-------- Supplied records --------

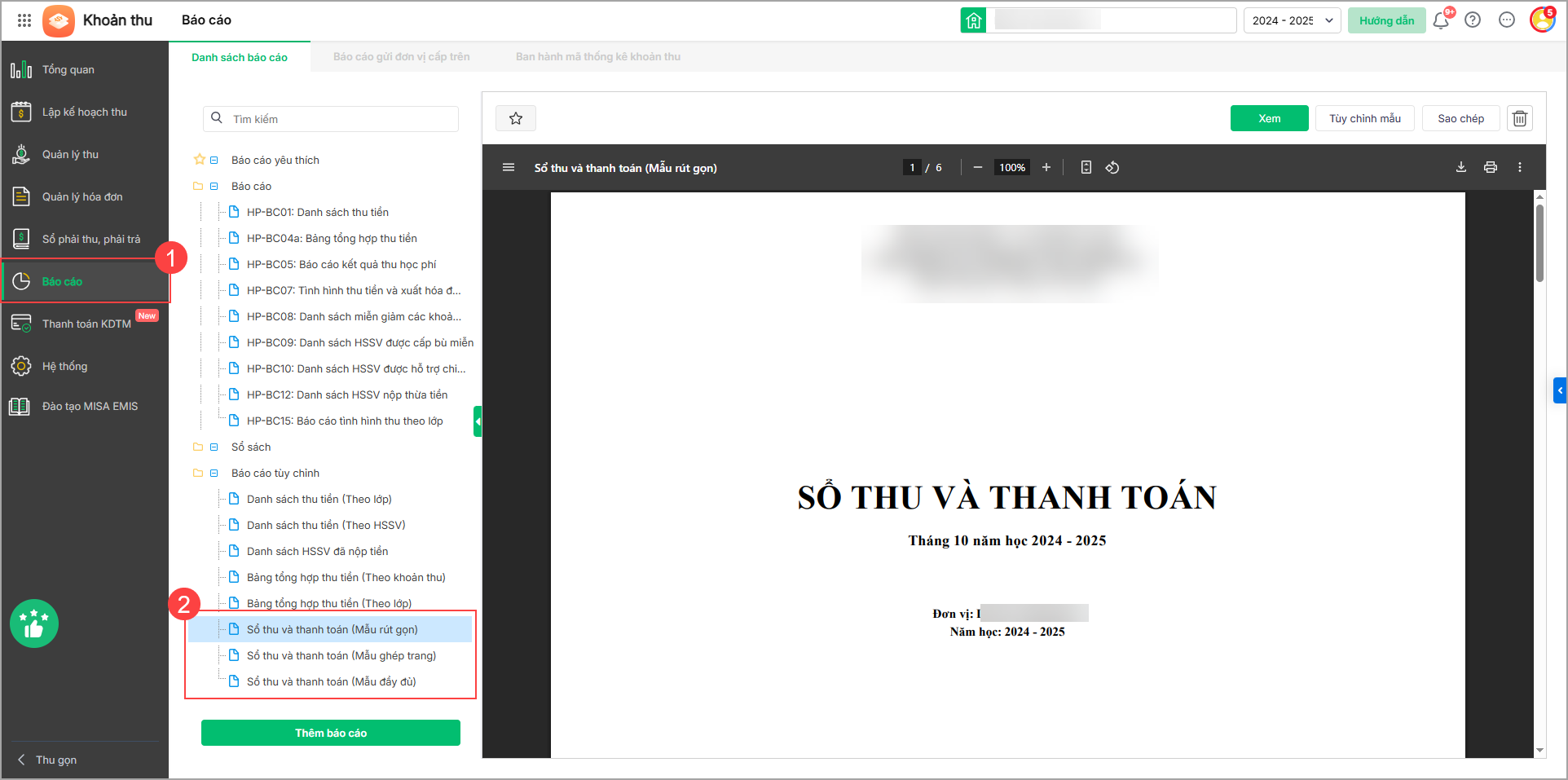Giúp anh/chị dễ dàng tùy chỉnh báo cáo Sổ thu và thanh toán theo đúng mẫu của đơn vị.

--------
-------- Supplied records --------

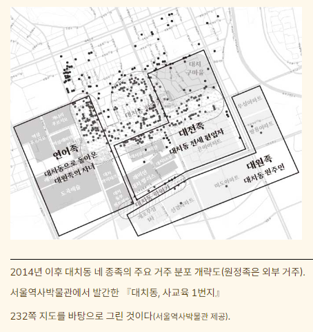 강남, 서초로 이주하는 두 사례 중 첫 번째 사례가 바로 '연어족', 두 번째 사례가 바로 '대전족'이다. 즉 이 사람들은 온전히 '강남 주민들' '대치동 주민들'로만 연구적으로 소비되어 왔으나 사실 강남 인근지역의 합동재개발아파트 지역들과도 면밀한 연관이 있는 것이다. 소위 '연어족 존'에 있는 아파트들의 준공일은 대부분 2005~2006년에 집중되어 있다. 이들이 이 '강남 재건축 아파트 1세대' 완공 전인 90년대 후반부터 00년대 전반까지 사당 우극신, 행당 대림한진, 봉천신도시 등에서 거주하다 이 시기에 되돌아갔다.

--------
-------- Supplied records --------

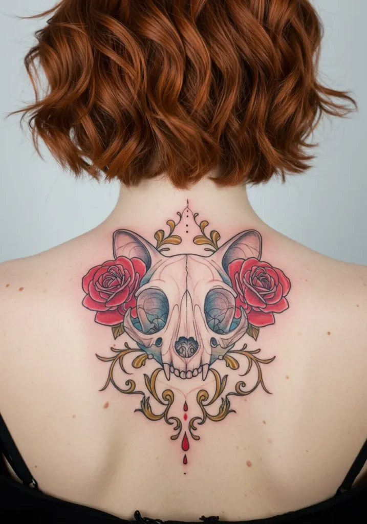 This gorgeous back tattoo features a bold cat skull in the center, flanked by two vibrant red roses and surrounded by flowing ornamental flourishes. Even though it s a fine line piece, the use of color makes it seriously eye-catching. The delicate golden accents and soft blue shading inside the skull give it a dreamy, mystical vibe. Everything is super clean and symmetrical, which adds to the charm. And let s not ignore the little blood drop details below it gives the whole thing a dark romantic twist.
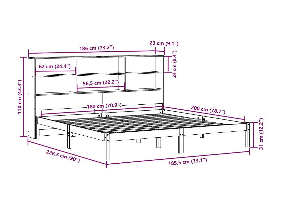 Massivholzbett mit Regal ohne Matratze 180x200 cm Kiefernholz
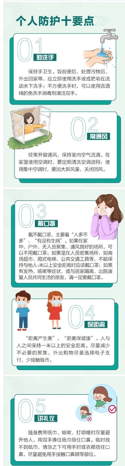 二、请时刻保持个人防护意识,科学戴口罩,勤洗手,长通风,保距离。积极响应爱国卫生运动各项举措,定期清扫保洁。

--------

* What you need to do: When you reach the line with "This gorgeous back" in the records above, start writing out each line exactly, and stop after the line with "二、请时刻保持个人防护意识,科学戴口罩,勤洗手,长通风,保距离。积极响应爱国卫生运动各项举措,定期清扫保洁。". Pictures stay out.

* Response:
 This gorgeous back tattoo features a bold cat skull in the center, flanked by two vibrant red roses and surrounded by flowing ornamental flourishes. Even though it s a fine line piece, the use of color makes it seriously eye-catching. The delicate golden accents and soft blue shading inside the skull give it a dreamy, mystical vibe. Everything is super clean and symmetrical, which adds to the charm. And let s not ignore the little blood drop details below it gives the whole thing a dark romantic twist.
 Massivholzbett mit Regal ohne Matratze 180x200 cm Kiefernholz
 二、请时刻保持个人防护意识,科学戴口罩,勤洗手,长通风,保距离。积极响应爱国卫生运动各项举措,定期清扫保洁。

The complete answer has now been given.